Rachael: Yes, from the age of 14 it was pretty consistent. It got steadily worse over the following seven years.
I was in the child mental health system and took two overdoses and I was self-harming. I just didn't know how to feel better and I didn't know how to deal with the feelings I was experiencing.
Jon: How did you feel when you got to that point of self-harming?
Rachael: I'd been crying lots over the preceding year and it was like crying wasn't doing anything anymore. I needed another release, so self-harm kind of crept in, in that gap. It was a way of getting something out.
Jon: You mentioned briefly you also made two attempts on your life. What brought you to that place?
Rachael: It was similar to the feelings that brought on the self-harm.
I was sick and tired of being sick and tired. I'd heard many times that your teenage years are the best years of your life and frankly I was quite terrified; if this was the best life could offer, I didn't know if I could deal with what would come.
Jon: So let me ask you then, how were you rescued?
Rachael: I was a Christian throughout and one of my main questions, or struggles faith-wise, was thinking I want to bring people to Jesus, but no-one is going to want to come to Jesus when I'm crying all the time.
My faith was really important to me. I went to Bible College when I was 19 and things really began to change there.
I made a decision before I went. I'd hated myself for many years and I decided that I was just going to be myself and if everyone hated me that was exactly what I expected. But when I arrived that wasn't the case and I made lifelong friends and loved studying.

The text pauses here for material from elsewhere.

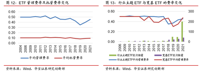 另一方面,与基金公司所处的竞争阶段有关。纵向来看,不论是宽基ETF还是行业主题ETF平均管理费率在2019年后均有明显的上升。2019年为ETF竞争白热化的年份,2019年 3月新入局 ETF 战场的平安创业板 ETF 在发行时以 0.15%/年的管理费和 0.05%/年的托管费打破行业管理费+托管费平均 0.6%/年的收费惯例,随后易方达、华泰柏瑞、嘉实等多家公司先后对旗下中证 500、沪深 300 指数相关的部分 ETF 产品进行降费,引发 ETF行业降费潮。在2020年的ETP年报中,我们曾对降费是否有助于ETF规模扩张展开分析,从结果来看,无论是从基金份额的绝对变动水平还是相对变动水平来看,均未体现出明显的超额的份额增长,意味着降费对规模的推动效果较为有限。或许是降费的效果不佳,后续发行的ETF费率重新上市回到接近2017年的费率水平。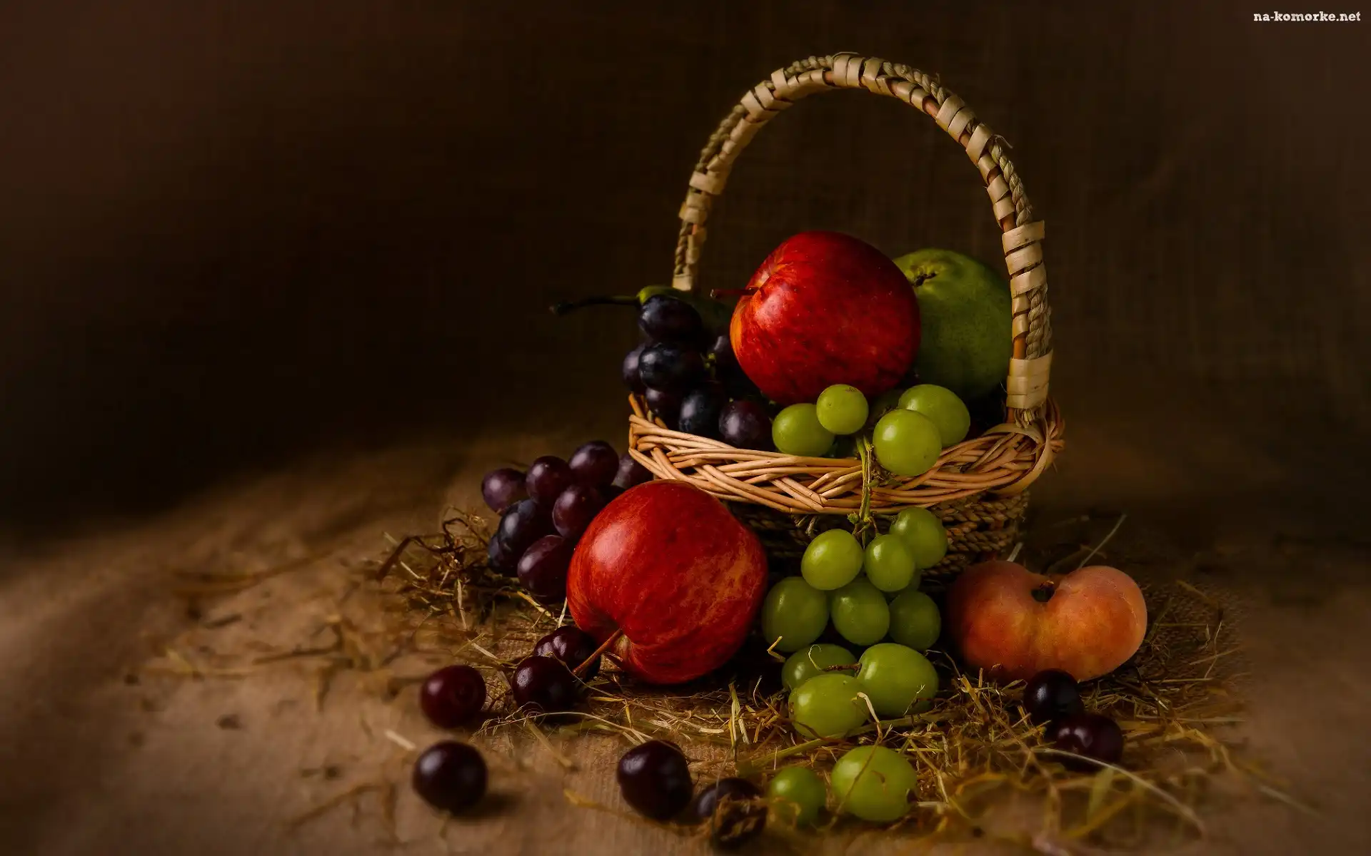 Jabłka, Owoce, Koszyk, Gruszka, Winogrona, Brzoskwinia na Komórkę

I had to change my whole thinking and over the three years I was there things began to change really slowly. Being loved by people who I didn't feel had to love me. I'd been loved unconditionally by my family, but I'd convinced myself that they have to love me; whereas the people I met at Bible college didn't have to love me and they were choosing to and that had a profound impact on me.
Jon: You share very well Rachael, and you've obviously got a good understanding of your journey. Do you have any answers to the question of why you suffered so much with your mental health?